Stored data section start

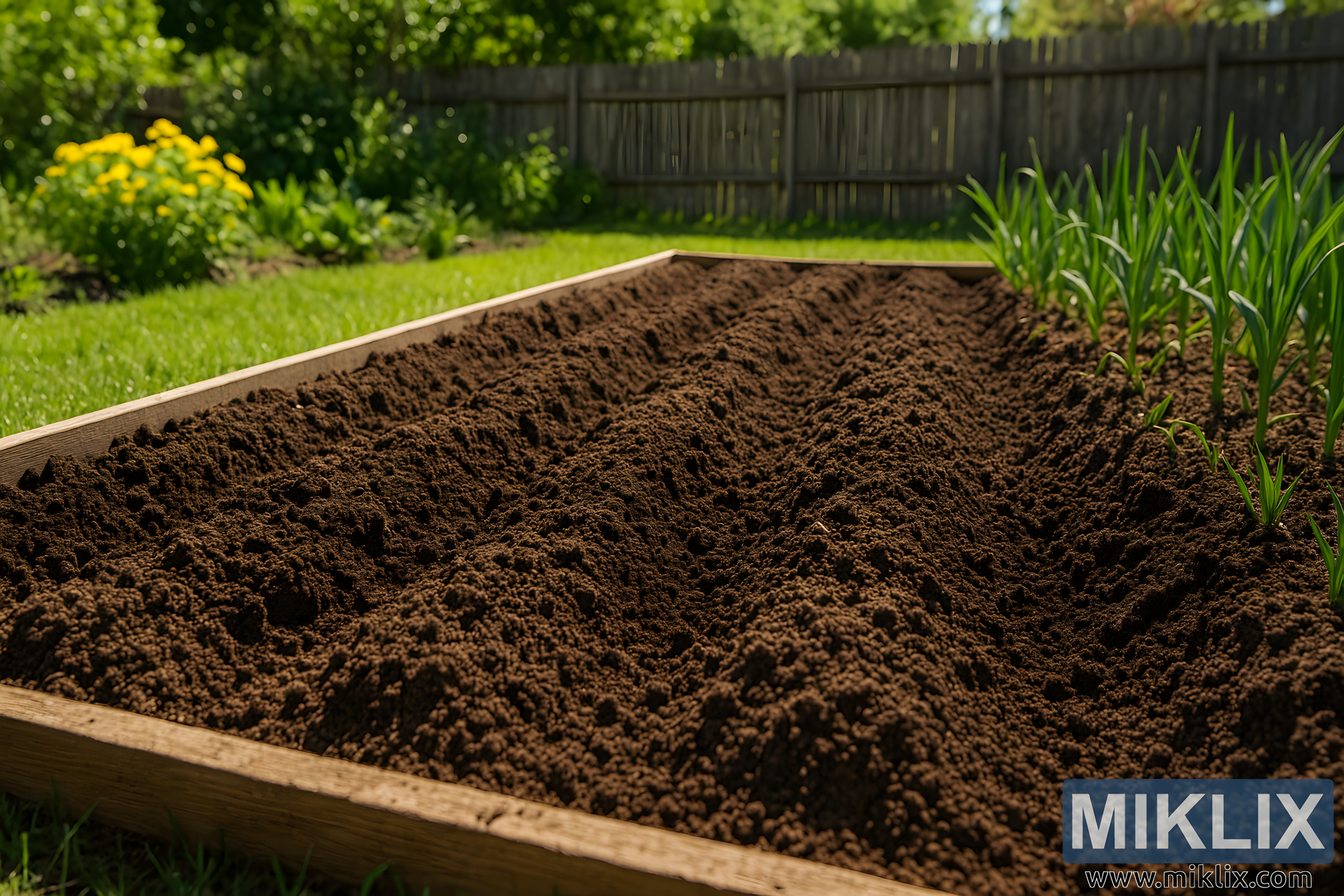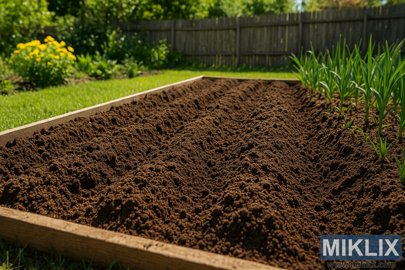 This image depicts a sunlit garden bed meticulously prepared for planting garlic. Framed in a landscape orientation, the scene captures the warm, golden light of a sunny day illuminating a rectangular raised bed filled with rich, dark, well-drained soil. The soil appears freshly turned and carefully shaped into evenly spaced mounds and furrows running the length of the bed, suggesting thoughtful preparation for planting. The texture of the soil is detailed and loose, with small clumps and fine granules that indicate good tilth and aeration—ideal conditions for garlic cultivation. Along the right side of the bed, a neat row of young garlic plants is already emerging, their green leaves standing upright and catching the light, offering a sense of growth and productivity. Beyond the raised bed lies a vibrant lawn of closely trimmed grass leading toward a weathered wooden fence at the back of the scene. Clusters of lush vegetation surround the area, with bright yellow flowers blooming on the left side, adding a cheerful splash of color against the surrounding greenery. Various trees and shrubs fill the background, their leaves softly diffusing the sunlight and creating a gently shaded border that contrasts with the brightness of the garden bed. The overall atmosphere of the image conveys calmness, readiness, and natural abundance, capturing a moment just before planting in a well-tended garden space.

Stored data section end
Stored data section start

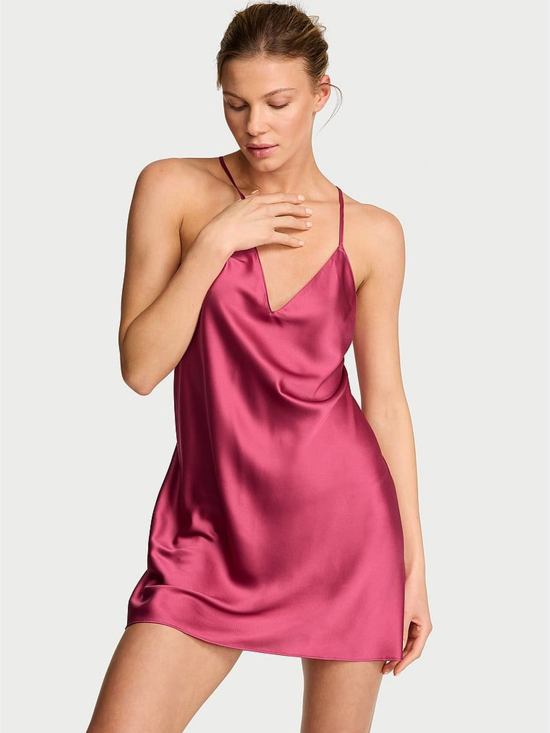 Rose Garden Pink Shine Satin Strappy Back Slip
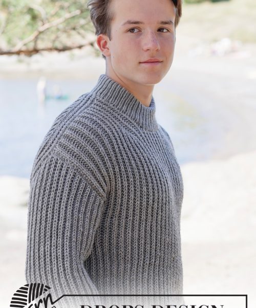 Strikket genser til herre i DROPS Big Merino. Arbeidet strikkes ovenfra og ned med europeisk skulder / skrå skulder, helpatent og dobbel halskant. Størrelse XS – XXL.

Stored data section end
Stored data section start

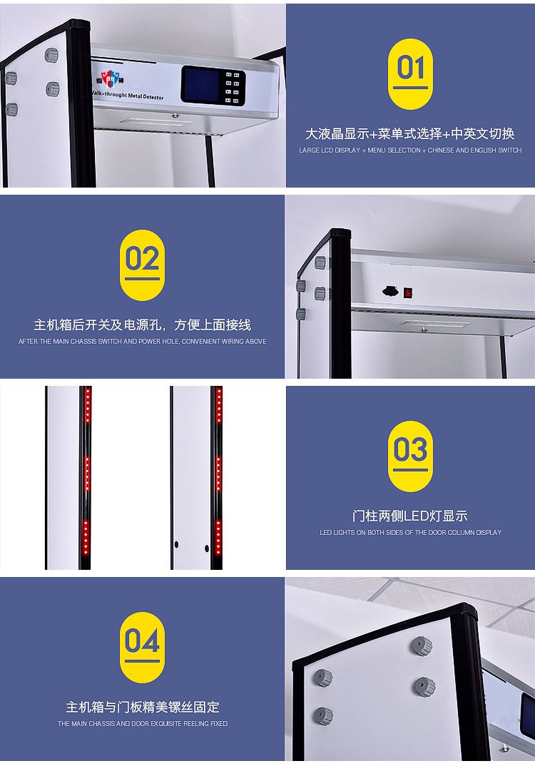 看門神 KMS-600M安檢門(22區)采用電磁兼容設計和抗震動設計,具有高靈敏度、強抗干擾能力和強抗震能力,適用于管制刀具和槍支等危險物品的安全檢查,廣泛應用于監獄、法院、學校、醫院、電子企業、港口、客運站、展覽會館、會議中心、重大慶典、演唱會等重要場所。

Stored data section end

_Your task:_
Output exactly the lines above, from the line with "Rose Garden Pink" to the line with "Strikket genser til", both included; skip the pictures.

_Solution below:_
 Rose Garden Pink Shine Satin Strappy Back Slip
 Strikket genser til herre i DROPS Big Merino. Arbeidet strikkes ovenfra og ned med europeisk skulder / skrå skulder, helpatent og dobbel halskant. Størrelse XS – XXL.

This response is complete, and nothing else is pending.